= What to produce =
The answer should hold only the lines from the beginning of the material through the one with "Verleihung der Gütesiegel", reproduced exactly and without pictures.

= Data for this task =
#####

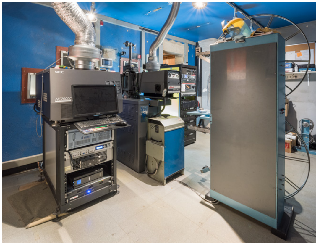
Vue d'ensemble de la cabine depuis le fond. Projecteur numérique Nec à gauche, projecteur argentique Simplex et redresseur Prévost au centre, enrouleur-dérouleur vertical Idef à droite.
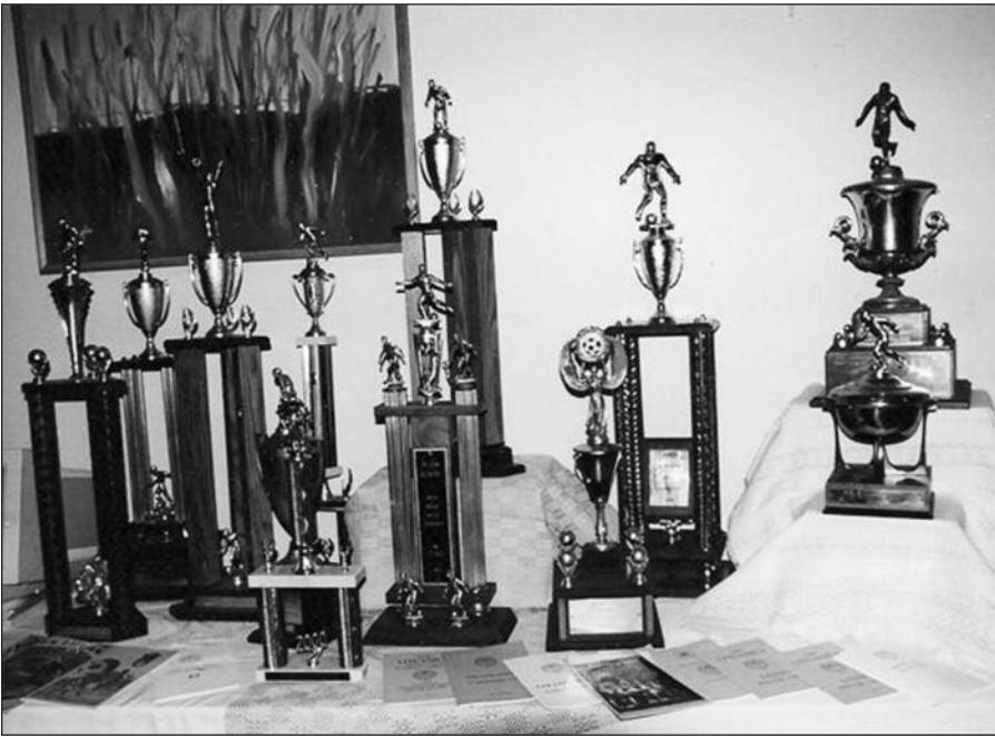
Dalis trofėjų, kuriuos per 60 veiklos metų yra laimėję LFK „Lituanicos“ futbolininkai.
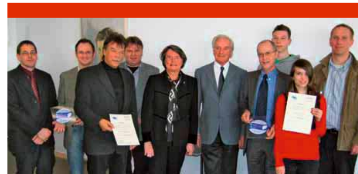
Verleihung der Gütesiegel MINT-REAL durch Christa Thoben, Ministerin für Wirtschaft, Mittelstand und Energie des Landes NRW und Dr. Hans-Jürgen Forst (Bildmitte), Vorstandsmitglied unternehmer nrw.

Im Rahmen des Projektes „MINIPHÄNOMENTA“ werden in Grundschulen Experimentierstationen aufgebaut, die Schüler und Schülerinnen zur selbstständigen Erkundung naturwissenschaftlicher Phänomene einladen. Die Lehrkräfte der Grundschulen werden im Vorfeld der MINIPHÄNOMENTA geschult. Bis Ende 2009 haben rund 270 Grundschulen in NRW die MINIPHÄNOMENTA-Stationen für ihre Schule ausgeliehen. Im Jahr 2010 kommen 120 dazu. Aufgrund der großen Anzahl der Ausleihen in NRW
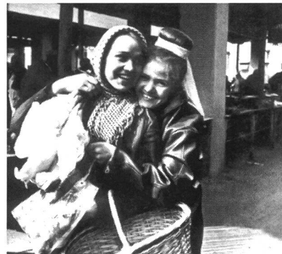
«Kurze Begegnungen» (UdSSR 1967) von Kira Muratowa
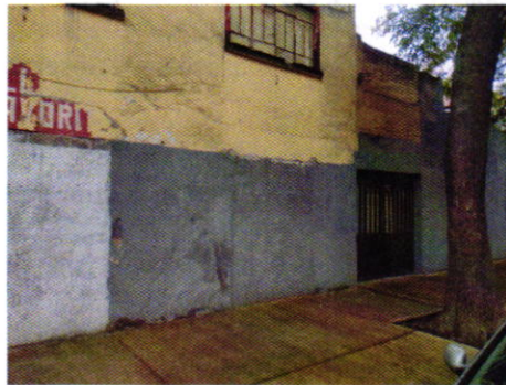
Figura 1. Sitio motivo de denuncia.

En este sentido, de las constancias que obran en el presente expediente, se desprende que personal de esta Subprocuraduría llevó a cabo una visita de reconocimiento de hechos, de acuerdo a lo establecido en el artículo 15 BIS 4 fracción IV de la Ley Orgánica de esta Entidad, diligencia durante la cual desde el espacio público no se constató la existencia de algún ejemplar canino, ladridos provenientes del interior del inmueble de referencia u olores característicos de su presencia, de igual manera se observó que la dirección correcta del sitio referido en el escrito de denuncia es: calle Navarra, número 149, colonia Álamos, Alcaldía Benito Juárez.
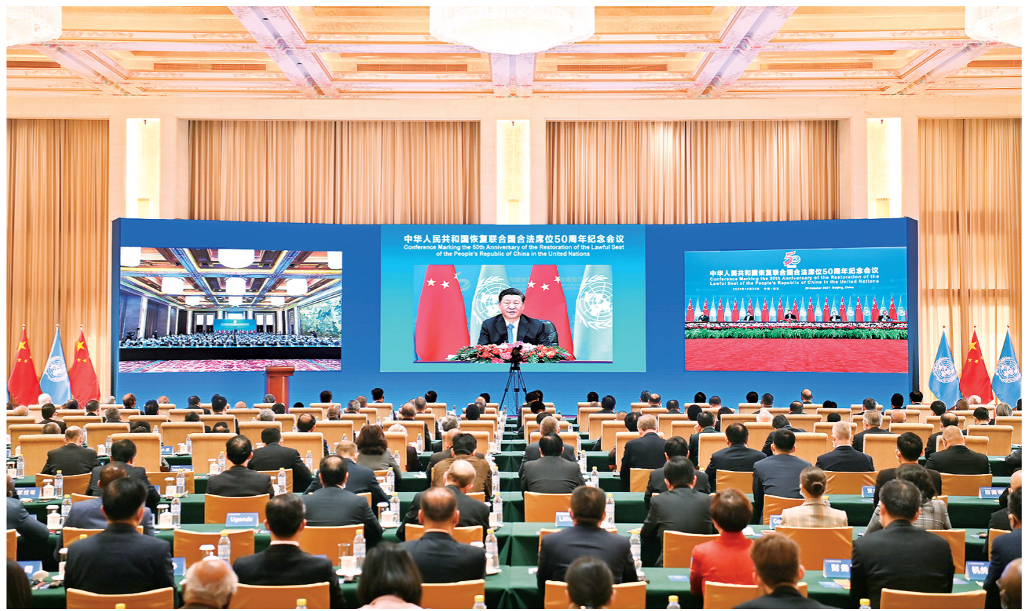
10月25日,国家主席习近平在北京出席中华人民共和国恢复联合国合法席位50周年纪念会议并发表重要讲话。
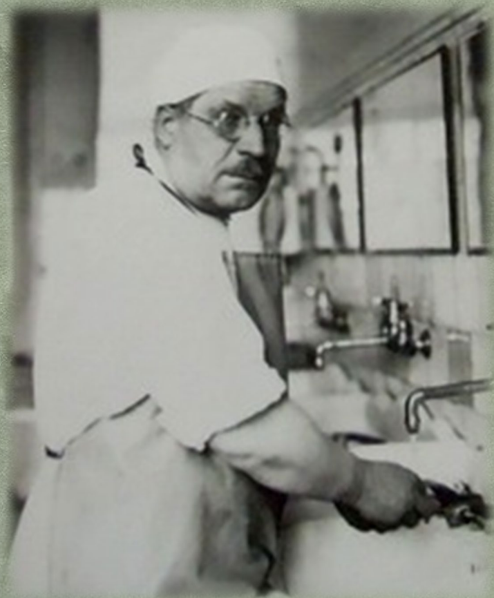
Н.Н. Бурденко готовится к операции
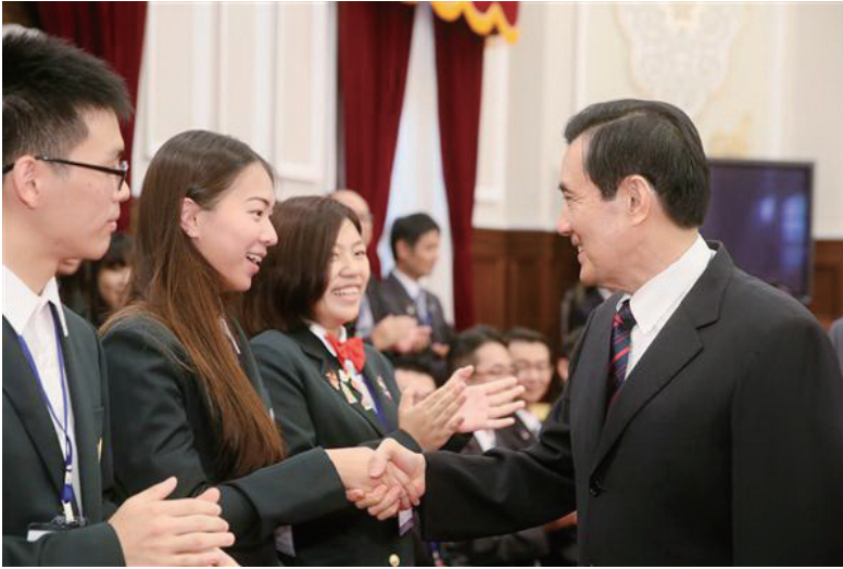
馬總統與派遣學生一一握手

#####

= Reply to the task =
Vue d'ensemble de la cabine depuis le fond. Projecteur numérique Nec à gauche, projecteur argentique Simplex et redresseur Prévost au centre, enrouleur-dérouleur vertical Idef à droite.
Dalis trofėjų, kuriuos per 60 veiklos metų yra laimėję LFK „Lituanicos“ futbolininkai.
Verleihung der Gütesiegel MINT-REAL durch Christa Thoben, Ministerin für Wirtschaft, Mittelstand und Energie des Landes NRW und Dr. Hans-Jürgen Forst (Bildmitte), Vorstandsmitglied unternehmer nrw.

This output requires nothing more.